Sir, if slip is (1-(vehicle speed/ wheel speed)) shouldn't we connect wheel speed to division and vehicle speed to multiplication in the slip sub system?
the equation which is given in1:53 is wrong. It's the relative slip for acceleration. For the deceleration the wheel angular velocity is divided by the vehicle angular velocity. It's just the shown equation which is wrong but the model was set up correctly at the part from 16:00 to 17:21
Sir, how do we interpret the difference between with abs and without abs graphs, and how do we turn the abs off in order to get the other graphs without abs .
You could add a Gain block from Actual Relative Slip to the 1st Sum (in between the intersect to the Lookup table and the 1st Sum), set the value to 1 to activate ABS or 0 to deactivate ABS.
As far as I know you can do it for sure but it doesn’t make that much sense. Because as far as I know (correct me if I‘m wrong) in the reality there are just two way valves for the braking system. That‘s why the bang bang controller makes sense because it‘s saying that the valve are open (Inlet or Outlet). But you may should consider sone controller that also mention a state where the pressure remain constant which isn‘t possible whith a bang bang controller.
Hello sir, the video found very helpful and informative...But if want to take the input from sensors on vehicle how can we take that input to simulation..?

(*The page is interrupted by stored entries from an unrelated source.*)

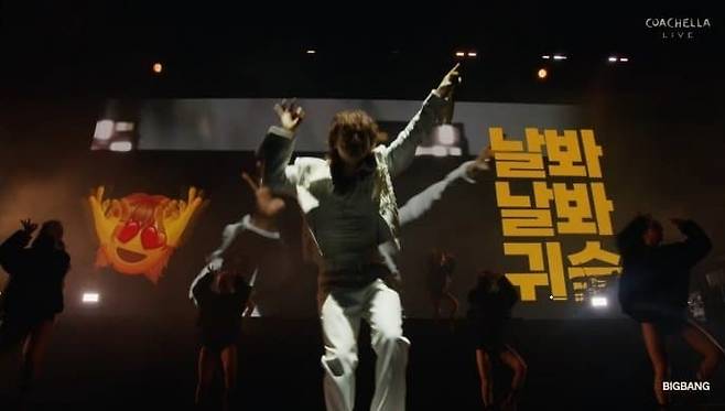 이달 10~19일 열리고 있는 코첼라는 20만~30만 명의 관객이 운집하는 미국 최대 규모 음악 축제다. 올해는 빅뱅 외에도 다채로운 K팝 가수들이 출연진 명단에 올랐다. 지난 11일 가수 태민은 한국 남성 솔로 가수로는 처음으로 단독 공연했고, 10일에는 '케이팝 데몬헌터스'의 그룹 헌트릭스(이재, 오드리 누나, 레이 아미)가 K팝 합작 그룹 캣츠아이와 함께 합동 무대로 '골든'을 열창했다. 빅뱅은 오는 19일 한 차례 더 코첼라에서 무대를 갖는다. 해당 무대는 유튜브로 전 세계에 생중계될 예정이다.
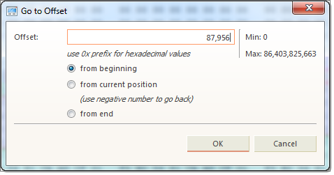 You can use both decimal and hexadecimal values, preceding hexadecimal values with 0x. For example, to specify location 512 as a hexadecimal number, enter 0x200. There are also options to specify an offset from the beginning, from the current position, or from the end.
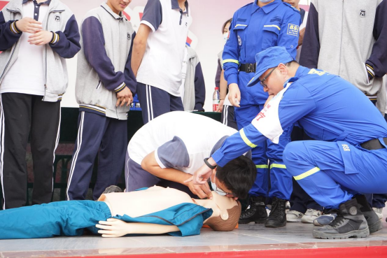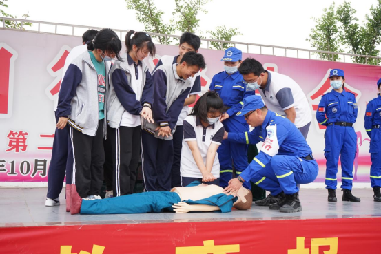 在报告会上,宣讲员联系自身生活实际,语言通俗易懂,并结合学生溺水身亡事故的典型案例,为同学们描述溺水致死原因、溺水症状,就防溺水教育的重要性和紧迫性作了重点讲述。同时,蓝天救援队还用人体模型向同学们现场传授了一些自防自救的安全知识和技能,示范教给同学们怎样心肺复苏、怎样使用救援工具。这些知识和技能为提高学生的自防自救能力,确保生命安全提供了有力的保障。

Vehicle Angular velocity means the transational speed of wheel or the car; you can also call it the vehicle velocity divided by wheel radius with it's maybe more correct than the denotation of this video wheel angular velocity means the rotational speed of wheel the equation which is given in1:53 is wrong. It's the relative slip for acceleration. For the deceleration the wheel angular velocity is divided by the vehicle angular velocity. It's just the shown equation which is wrong but the model was set up correctly at the part from 16:00 to 17:21
you are right but that is one of the simplifications that were done. There are some other simplifications too but it's not about creating a real physical model but showing the basic function of an abs.